You are correct to be concerned. You said that you thought she may be lying to the therapist. This may be the case. The problem is that you have no way to know for certain what she tells the therapist. I am unclear about why the therapist would tell her to stay away from you and why and how your presence causes her increased distress.
You may not be able to talk to her therapist because of privacy laws but you can call her therapist and leave her messages. There is no law against you contacting the therapist to offer “your side of the story.” I am not sure how helpful that would be but you do have that option.
Other concerns about your ex-girlfriend’s situation include the fact that she is using drugs and alcohol. She may be cycling as you suspect or she may be having a negative reaction to her usage of drugs. The psychiatric drugs may not work properly if she is using illegal drugs or alcohol. The combination of drugs and alcohol with psychiatric medications can also be dangerous. In addition, it is also possible that the combination of psychiatric medication and the substance abuse is exacerbating her bipolar symptoms. The truth is that there is no way to know what is occurring because of her substance abuse. This further complicates the situation.

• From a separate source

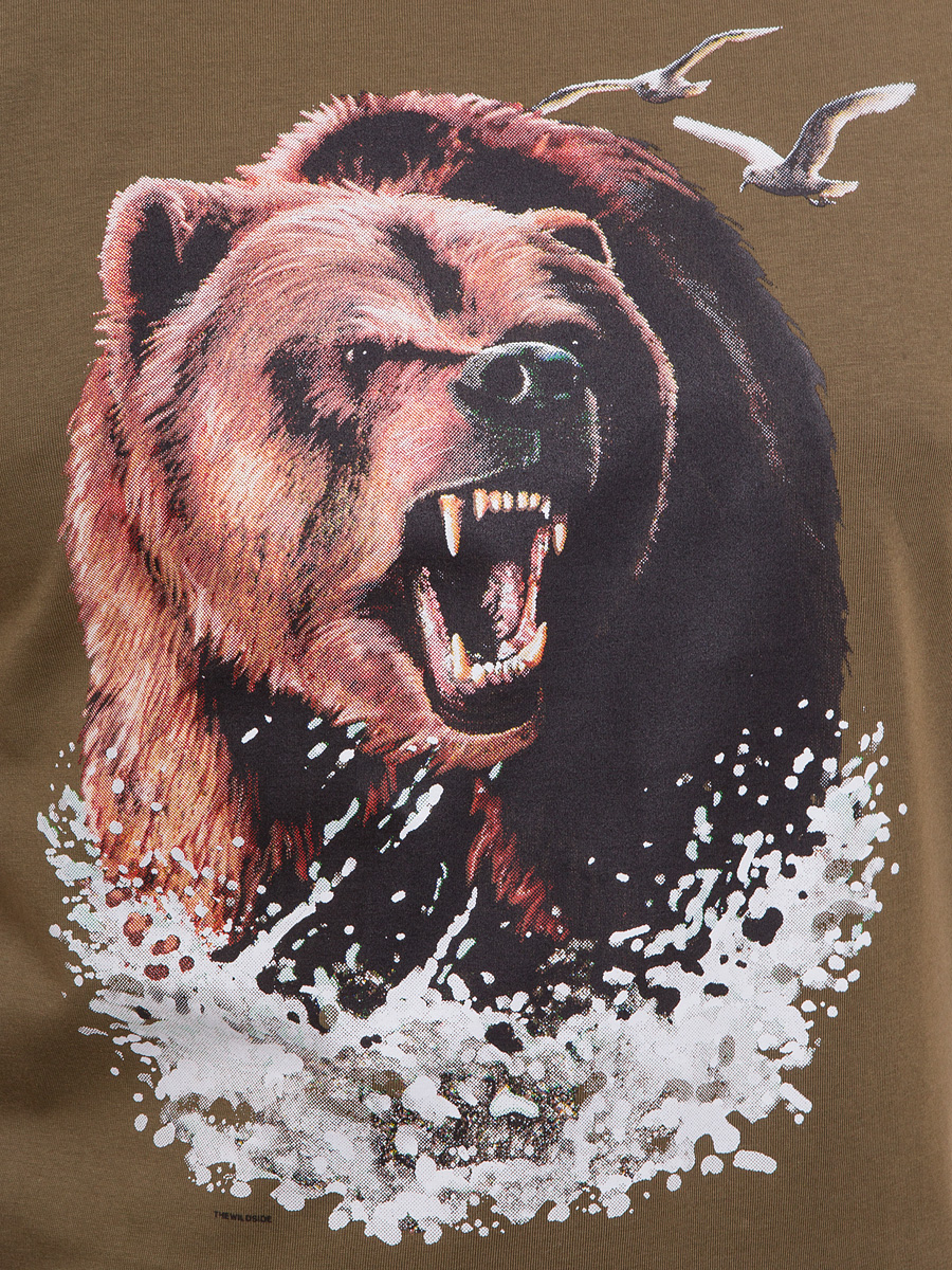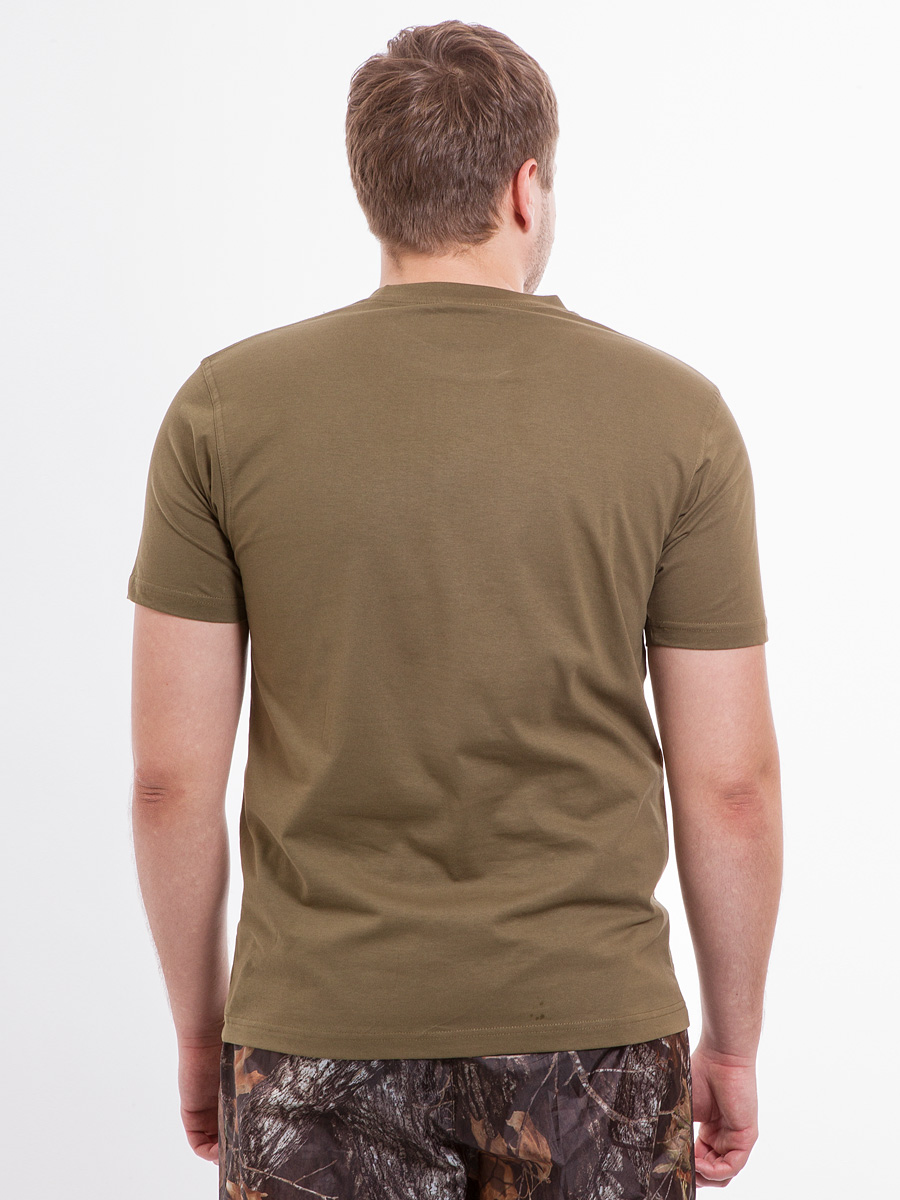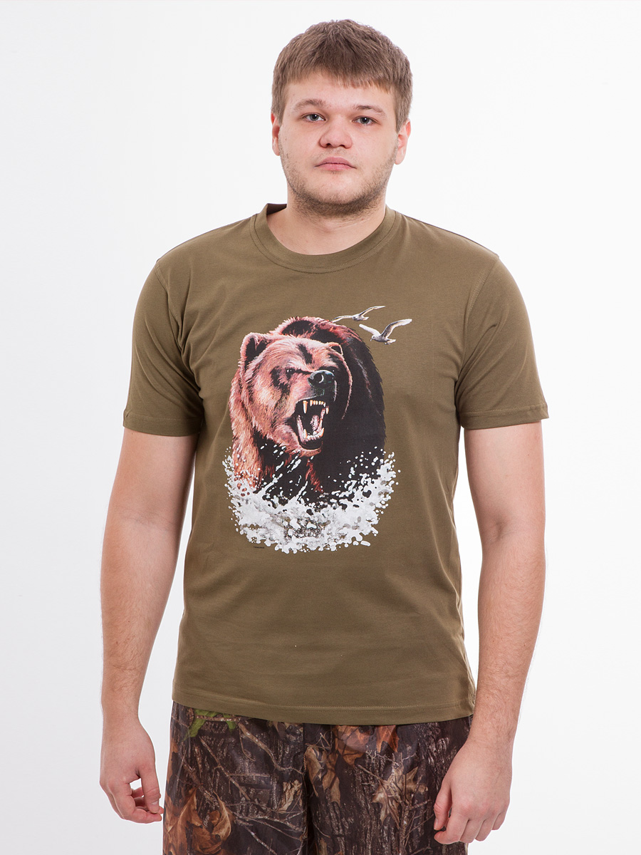 Классическая футболка цвета "хаки" серии "Рыбалка и охота" с рисунком на груди. Футболки изготавливаются с использованием первосортной хлопчатобумажной пряжи, прядильных машин высокого класса при постоянном контроле качества изделий. Полотно проходит специальную обработку для придания ему особой мягкости и шелковистости. Воротник не деформируется в процессе носки за счет эластичности, обеспечиваемой технологии вязки переплетением "ластик" высокого класса. Материал - 100% хлопок. На лицевой части футболки, методом термопечати нанесено оригинальное изображение. Футболки прекрасно носятся, сохраняют форму, цвет и не линяют даже при многократной стирке.Поставляется в фирменной упаковке. В ассортименте имеются футболки размеров: 46-54.

To answer your specific question, yes, it does seem that she should be seeing her therapist more than one or twice a month. She should also stop marijuana and drinking because these can exacerbate or increase the likelihood of her experiencing bipolar symptoms. The medication may work properly if she were not engaged in substance use.

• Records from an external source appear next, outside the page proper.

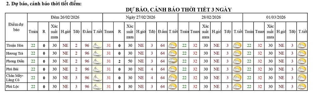 Bản tin dự báo thời tiết ngày 27/02/2026 và 10 ngày tiếp theo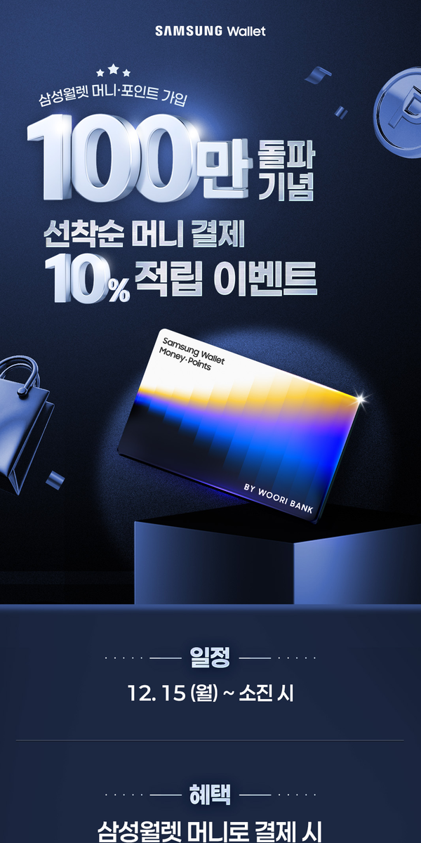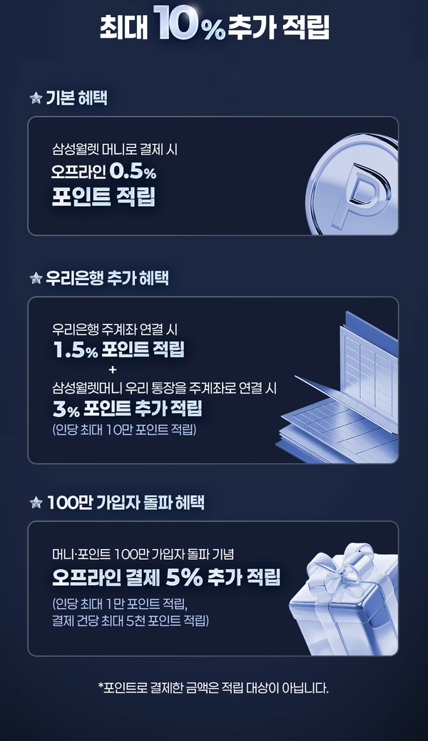 양사는 이번 100만 명 돌파를 기념해 최대 10% 포인트 적립 이벤트를 12월 15일부터 진행한다. 삼성월렛 머니로 오프라인 결제시 △기본 0.5% 적립은 물론, 한도가 소진될 때까지 △100만 돌파 기념 5% △우리은행 계좌 충전·결제시 1.5% △'삼성월렛머니 우리통장' 사용시 3% 혜택이 더해져, 고객은 결제금액의 최대 10% 포인트를 받을 수 있다.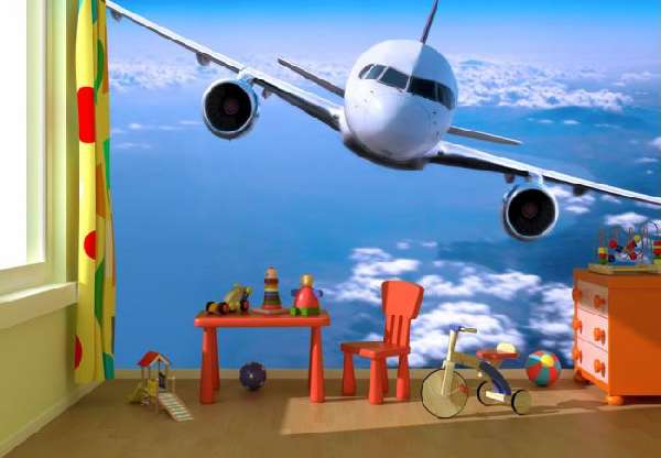 Тема самолетов также пользуется популярностью у мальчишек. Спросите мнение вашего ребенка, ведь, возможно, он давно мечтал о детских фотообоях с изображением самолетов. Ниже вы можете увидеть несколько примеров такого интерьера.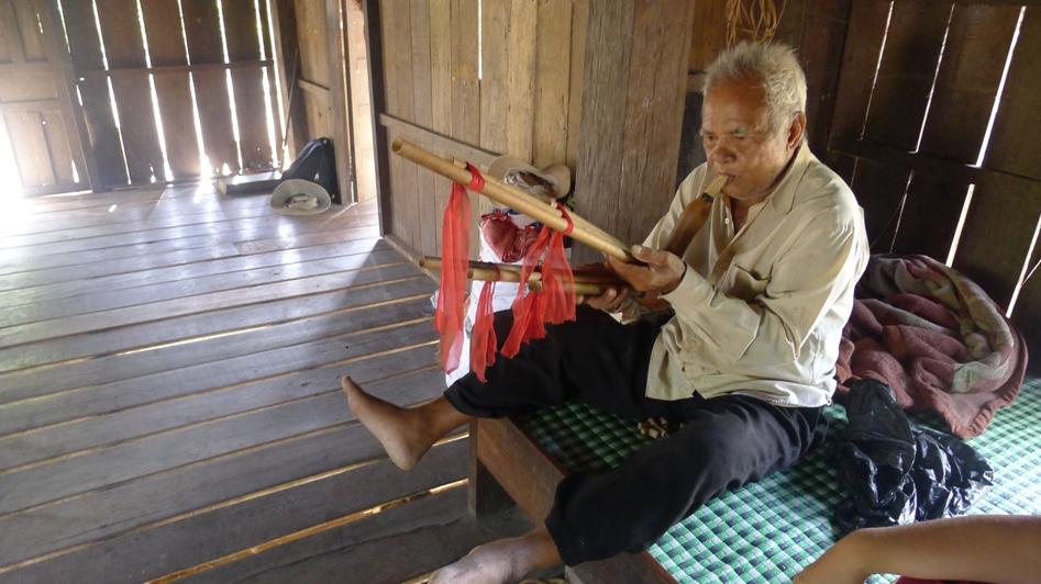 Господин Ой Блу помолчал и начал исполнять нам в подарок мелодию народности Эдэ на духовом инструменте «динь-нам».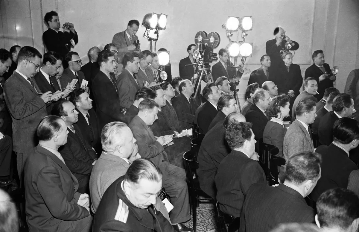 Никита Сергеевич Хрущев во время выступления на церемонии открытия XXI съезда КПСС в зале заседаний Большого Кремлевского дворца. Фото: ТАСС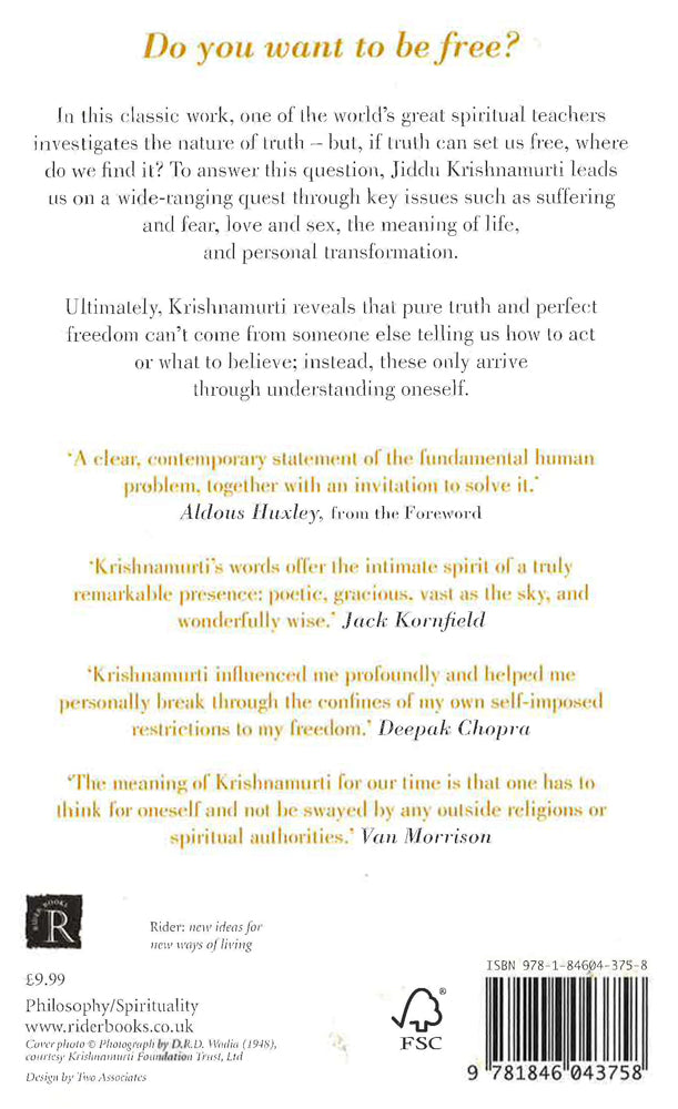 If truth can set us free, where do we find it? In The First and Last Freedom, Krishnamurti argues that we will not find truth in formal institutions, nor in organised religions and their dogmas, nor in any guru or outside authority; for, according to Krishnamurti, truth can only be realised through self-understanding. Controversial and challenging, yet always enlightening, Krishnamurti guides us through society's common concerns, such as suffering and fear, love and loneliness, sex and death, the meaning of life, the nature of God, and personal transformation - consistently relating these topics to the essential search for pure truth and perfect freedom. This classic philosophical and spiritual study offers wisdom and insights particularly suited to our own uncertain times.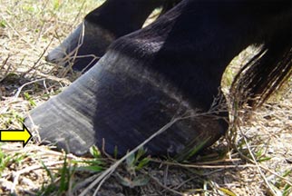 The toes are too long from either incorrect or infrequent trimming. Break over becomes difficult and excess force is placed on the toe area of the hoof resulting in compromised wall/laminar connection. (yellow arrow)

All that you may be able to do in this situation is to suggest that she get help. If she is not willing to take your advice, then there is little else that you can do. In the meantime, you should try to protect yourself emotionally from this situation and that may mean setting boundaries and limitations with her. This might include, for instance, not seeing her while she is sleeping with another man. You should set these types of boundaries with her for your own psychological health. If you have difficulty knowing how to set boundaries and limitations with her, it might be beneficial to you to see a therapist. A therapist can teach you how to insulate yourself from your girlfriend’s instability. I hope this helps. Let me know how things work out.